## Task prompt
Find the lines below that contain the string "cultivar". Copy each one.

## Data for this task
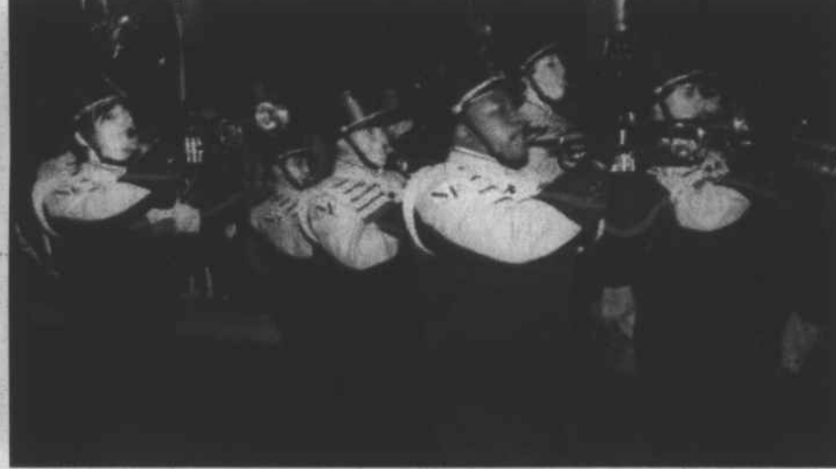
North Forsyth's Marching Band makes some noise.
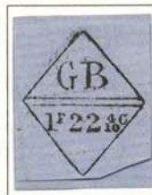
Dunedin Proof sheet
==
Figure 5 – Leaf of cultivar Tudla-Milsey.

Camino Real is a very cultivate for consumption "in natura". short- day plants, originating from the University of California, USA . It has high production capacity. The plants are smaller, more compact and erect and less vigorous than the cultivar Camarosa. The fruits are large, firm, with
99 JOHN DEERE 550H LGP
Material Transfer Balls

## Task output
Figure 5 – Leaf of cultivar Tudla-Milsey.
Camino Real is a very cultivate for consumption "in natura". short- day plants, originating from the University of California, USA . It has high production capacity. The plants are smaller, more compact and erect and less vigorous than the cultivar Camarosa. The fruits are large, firm, with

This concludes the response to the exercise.